Pinterest: How We Protect Passwords

One of the aspects of protecting passwords is identifying users with compromised credentials.

One way of doing that is using Google reCAPTCHA Enterprise Password Check API. It can detect compromised credentials on the fly on user signup, login, password change, or password reset. For example, password change with known compromised credentials can be blocked. This is the real-time method.

The offline method involves using compromised credentials datasets and matching them with the user IDs. The list of matched user accounts is then uploaded to S3. An asynchronous job then flags them for a risk assessment.

If a high-risk user account logs in from an unknown device, we can immediately put the account in protected mode, invalidate all user sessions, and send out an email notification.

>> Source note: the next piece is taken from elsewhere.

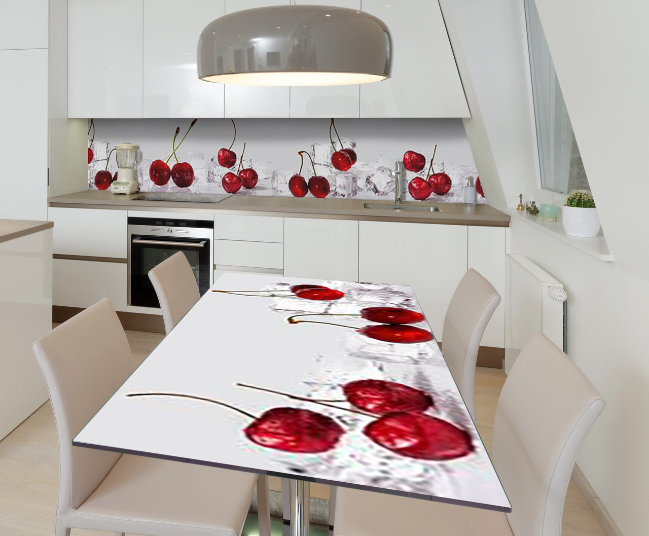 Опис Наклейка 3Д вінілова на стіл Zatarga «Вишні на кубиках льоду» 650х1200 мм для будинків, квартир, столів, кав'ярень,

Instead of forcing high-risk user accounts to update their password, we can show them a banner asking them to protect the account. A user can choose to change the password or connect with social media account (SSO). If a user chooses SSO, then the Pinterest password is disabled, such users further use their social media accounts to log in.

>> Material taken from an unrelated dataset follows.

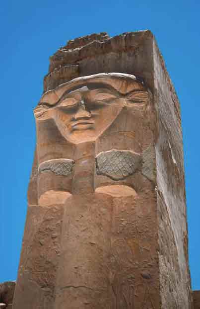 Колонна с хатхорической капителью в часовне Хатхор. XVIII династия. Храм Хатшепсут

/images/system-design-weekly/012/Untitled3.png

What Is Passwordless Authentication?

According to Sam Srinivas, Google Cloud Director of Product Management, passwordless authentication usage will grow rapidly. Credentials vulnerability is responsible for 84% of the data breaches as per Verizon’s 2021 Data Breach Investigations Report.

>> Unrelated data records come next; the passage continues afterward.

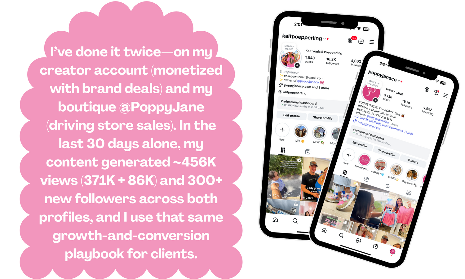 From boutiques to service pros and restaurants, I turn your socials into a simple, repeatable growth system. We’ll build a clear content strategy, weekly calendar, and conversion paths that move followers to action. Choose a one-time strategy session or ongoing weekly/monthly coaching for steady momentum.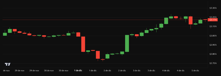 Si se mantiene por encima, podría intentar avanzar hacia 3,300-3,400 dólares, donde se ubica la resistencia principal. Aun así, el avance dependerá de la estabilidad de Bitcoin y de la lectura macroeconómica global.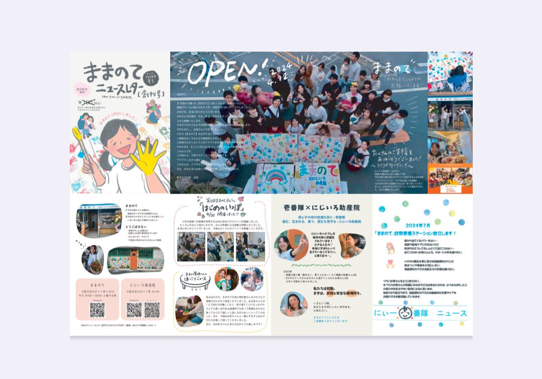 ニュースレター、にじいろ助産院ホームページ内、ままのてのページに応援企業様名を掲載いたします

Passwordless authentication is the process of verifying a software user’s identity with something other than a password. Phishing attacks usually aim to steal users’ login and password. Credentials leaked from one website can be successfully used on another website as people often reuse passwords. Removing passwords from the authentication process eliminates the risk.

Here are the most common types of passwordless authentication:

Biometric. Facial recognition or using fingerprint is widespread on mobile devices.
Magic Links. A user enters their email and a one-time login link is sent to the email.
One-Time Passwords or Codes. Similar to magic links but the user receives a one-time password or code to their email. The user should then enter this code into the form.
Push Notification. User confirms log in with an authentication app on the phone. We can see such an approach while trying to log in to a Google account. Gmail app on the phone prompts to confirm.

System Design

Managing Billions of Data Points: Evolution of Workflow Management at Groupon - Groupon migrated from Cron to Apache Airflow as a workflow automation tool.

Contextual Ads: Scylla at GumGum - another company moved from Cassandra to Scylla Cloud. The cost of licensing and servers for Scylla Cloud was slightly higher than Cassandra, but this included support and cluster management, which they were able to offload from their team, which meant an actual savings of Total Cost of Ownership (TCO).

MLOps — Is it a Buzzword??? Part 1

Text analytics on LinkedIn Talent Insights using Apache Pinot - LinkedIn developed and open-sourced OLAP datastore - Pinot. It’s been handed to Apache. Other products like this are Apache Druid or Clickhouse. This blog post describes the journey of adding a fast text search to this database.

A new Protocol Buffers generator for Go

Product News

Better JSON in Postgres with PostgreSQL 14

In PostgreSQL, the regular JSON field is validated on write and then stored as a string. JSONB field stores compressed data with no preserved whitespaces.

In PostgreSQL 14, there is a new way to query JSON that looks Pythonic:

SELECT *
FROM shirts 
WHERE details['attributes']['color'] = '"neon yellow"'
  AND details['attributes']['size'] = '"medium"'

Update follows the same format:

UPDATE shirts
SET details['attributes']['color'] = '"neon blue"'
WHERE id = 123;

PostgreSQL 14 is set to be released in Q3 2021. Early beta is already available.

Stripe Identity - Stripe rolls out a new service to verify identity to prevent fraudulent payments.

Lyrid - Multicloud serverless.

Culture

An incomplete list of skills senior engineers need, beyond coding

A Guide to Personal Pronouns and How They’ve Evolved - According to the Oxford English Dictionary, the first record of the so-called “singular they” dates to 1375. Affirming a person’s pronouns demonstrates respect, reduces depression, increases self-esteem, and supports positive regard.